This hypothesis is supported by second language learning studies with adults (Hashimoto and Sakai, 2004; Mei et al., 2014) and reading remediation studies with children (Temple et al., 2003; Simos et al., 2007; Meyler et al., 2008; Rezaie et al., 2011b) and adults (Eden et al., 2004) that show greater ability related gains in superior vs. inferior temporo-parietal cortex. Further, functional connectivity between the IPL in particular and regions involved in orthographic processing such as the fusiform gyrus (FG) has been demonstrated to be related to word reading ability (Koyama et al., 2011; Simon et al., 2013). Developmental studies have suggested that the strength of the connection between grapheme-to-phoneme processing regions such as the IPL and the orthographic processing regions such as the FG may be critical for the specialization of these orthographic processing regions, in line with interactive specialization models of development that have been extended to reading (Johnson, 2001; Schlaggar and McCandliss, 2007; Price and Devlin, 2011). Indeed, dyslexic readers tend to have reduced connectivity between these two regions compared to controls. In contrast, there is little evidence suggesting the connectivity between the STG and FG is crucial for reading ability (Horwitz et al., 1998; Pugh et al., 2000; Booth et al., 2008; Cao et al., 2008; Quaglino et al., 2008; van der Mark et al., 2011; Finn et al., 2014).
In order to test the hypothesis that tDCS to superior portions of the temporo-parietal cortex will lead to reading improvement for low ability readers, we stimulated the left IPL in low-to-average readers and measured their improvement on two reading tasks; single word reading efficiency and a rhyme judgment task. Both require the use of phonological and orthographic information, but in different ways. Single word reading efficiency requires articulating the phonological output from orthographic input. This skill has been shown to be related to both overall word reading ability and the ability to decode words based on grapheme-to-phoneme mappings (Adlof et al., 2006; Vellutino et al., 2007; Barth et al., 2009). Despite the orthographic processing component, neuroimaging studies have suggested that this skill is most related to parietal areas including the IPL and AG (He et al., 2013) typically implicated in grapheme-phoneme mappings, compared to areas involved in whole-word orthographic mappings. Further, training studies have shown that instruction in grapheme-to-phoneme mapping results in improvement in single word reading fluency (Ashmore et al., 2002; Simos et al., 2007) and these gains are related to activation in parietal areas (Rezaie et al., 2011a,b). The rhyme judgment task, in contrast, does not require articulation.
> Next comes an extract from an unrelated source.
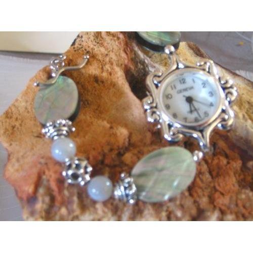 Your time! Large flat oval shell beads, White lace agate rounds, Sterling silver bead caps, Sterling silver beads. Bali sterling silver toggle clasp, easy on, yet secure!<p>Geneva, quartz watch face. water resistant.<p>A great look. I think this design came out beautiful. How fun and stylish. At 8 inches, this will fit a variety of wrists, whether you want this snug or worn loose, as a bracelet.<p>A treasure for sure! The neutral, earthy colors will go with most any outfit, any color! special orders welcome-email me if you would like this re-sized. Thanks for looking~be sure to check out all my new creations!  <p> Shimmer

Rather it requires the activation and memory of phonological representations, sometimes in the face of conflicting orthographic information. For this reason, this task is a measure of phonological working memory and the strength of the grapheme-to-phoneme maps needed to be activated to complete the task accurately. Behavioral studies have shown the rhyming task to be related to reading ability (Maclean et al., 1987; Ziegler and Goswami, 2005; Kovelman et al., 2012) and neuroimaging studies have shown activation in the left IPL to be related to ability on this task (Booth et al., 2003; Hoeft et al., 2006; Bitan et al., 2007a). Together, both tasks provide measures of orthographic and phonological processing that are related to activation in the left IPL. By using these two tasks, we can address how tDCS affects both the mental manipulation and articulation of phonological representation and therefore have a broader picture of what abilities can be impacted by tDCS.
This study was carried out in accordance with the recommendations of the University of Texas at Austin Institutional Review Board with written informed consent from all subjects. All subjects gave written informed consent in accordance with the Declaration of Helsinki.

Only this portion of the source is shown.